On Dec 2, 2008, at 12:40 PM, Kevin Smith wrote:

On Tue, Dec 2, 2008 at 7:25 PM, Jonathan Schleifer
<[EMAIL PROTECTED]> wrote:
I wouldn't want that, I really wouldn't want that. I have an mcabber

That's ok - when it's not the only online resource, mcabber will know
(through mine-ing) that it's not being talked to, so there's no reason
for it to be logging the messages.

I would suggest that it could remove them from the log when another client Mine's them, if that's the behavior you're after.
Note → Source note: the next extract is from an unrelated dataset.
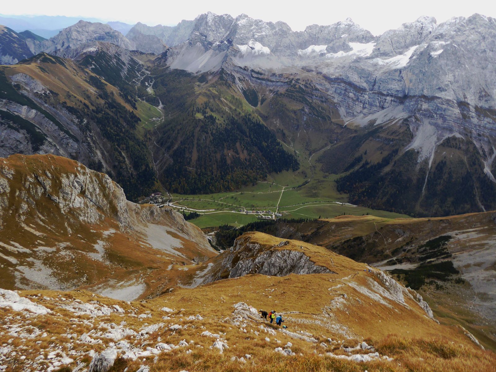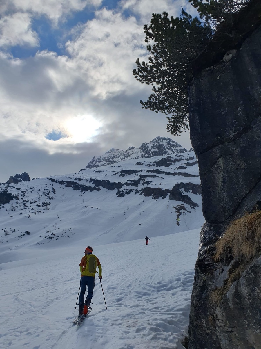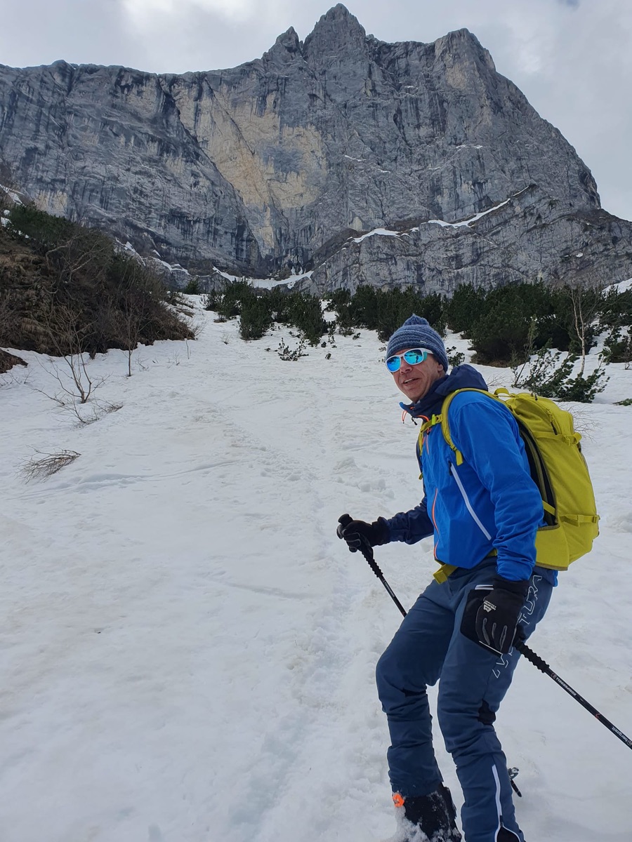 So schön (wirklich absolut gut) die Abfahrtsbedingungen auch waren, zur Wahrheit gehört aber auch, dass die Aufstiege machbar waren, ohne Begeisterung auszulösen. Bei mir vor der Haustür in München liegt momentan mehr Naturschnee als in Lenggries (was auch Einheimische bestätigen), die Aufstiegsrouten bieten insofern so manche Tücke. Dort, wo Wiesen unter freiem Himmel sind (wie am Draxl- Streidlhang): alles ok, basst fei scho. Dort, wo Bäume stehen (und den Schnee "aufhalten"), ist es teils arg dünn mit der Schneedecke. Von Wegscheid aus sind wir deshalb nicht der offiziellen Tourengeherroute gefolgt, sondern beim Milchhäusl geradewegs hinauf zur Kotalm; dann hinübergequerrt zur Bergstation von Flori II und nun auf dem extrem schneearmen Standardanstieg hinauf zur Streidlalm und weiter zum Gipfel.
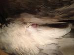 Алёна В. Опубликовано 18 сентября, 2013 Автор #6 Опубликовано 18 сентября, 2013 (изменено) маленький принц, Спасибо за ссылки и наводящие вопросы.1.____Кровотечения, в т.ч. из клюва или клоаки (следствием внутреннего кровотечения может быть также помет темно-красного, черного цвета), раны, царапины, пулевые отверстия, гнойники или прыщи на коже. Обязательно надо взъерошить перья - часто раны остаются незамеченными именно под перьями Помёт мне показался слишком тёмного цвета2.____Неестественное положение или обвисание конечностей, переломы, ушибы.не ходит, может привстать на лапах, но шагов не делает. Пальчики сжимает, лёжа на спине сучит лапами, когда беру в руки, упирается лапами мне в ладонь. Крылья открывает полностью, может ими махать, передвигается опираясь на крылья.пункты 3-7 нет8.____Наличие или отсутствие на суставах, костях или между костями шишек, опухолей, кровоизлияний, резких изломов или искривлений костей.на локтевом суставе правого крыла прощупывается уплотнение. Мне кажется, что когда я его только принесла ночью, то оно было чуть больше, чем сейчас, но я не уверена.Фото прилагаю. Больше уплотнений не нашла.9.____Затрудненность дыхания, хрипы, кашель. нет10.___Стоит проверить, видит ли птица, реагируют ли на свет ее зрачки. Для проверки реакции на свет можно в несильно освещенном помещении посмотреть на зрачок - он должен быть заметно расширен, после чего посветить в глаз несильным фонариком - зрачок должен быстро сузиться. видит[/b]11.___Проверить упитанность птицы. Киль прощупывается, но птица ещё не истощена12.___Сделать фотографию помета птицы и выложить в своей теме, либо описать сформированность, цвет, консистенцию, наличие воды. При наличии травм - так же сделать четкие их фотографии. Не помешает и фото общего вида птицы.фото помёта прилагаю. Помёт тёмного цвета.13.___Определиться путем наблюдения, может ли птица есть и пить самостоятельно. Ест и пьёт сам. С утра склевал ложку перловки с зерновой смесью для средних попугаев.P.S. на фото с шишкой что-то жёлтое - это пристала мусоринка, когда я смачивала перья. Изменено 18 сентября, 2013 пользователем Алёна В.

Now I understand it a bit better, I think it probably does solve the
problem it's setting out to solve, mostly (although it can't help in
the case where someone leaves one machine to go to another, and the
now idle client continues to receive a conversation unless we mandate
that you must go Away (or similar) when leaving your machine, and if
we did that we may as well stick with priorities.)

Hopefully, adding the XEP-146 interaction section will make this more clear. If we think this important to do without changing presence, we can either reuse XEP-85 "gone", or add a new state of "moved" that is an unlock hint.

What's not clear to me is how a client knows that it's the active
client in order to Mine the message - should it be displayed to the
user on all clients, and then withdrawn from view after it's been
Mined elsewhere (Client UI question), with a client only mineing it
when the user is known to have read it somehow?

That was the intent. The "known to have read it somehow" bit has some suggestions in the implementation notes. I look at that as mostly a UI issue, not a protocol issue.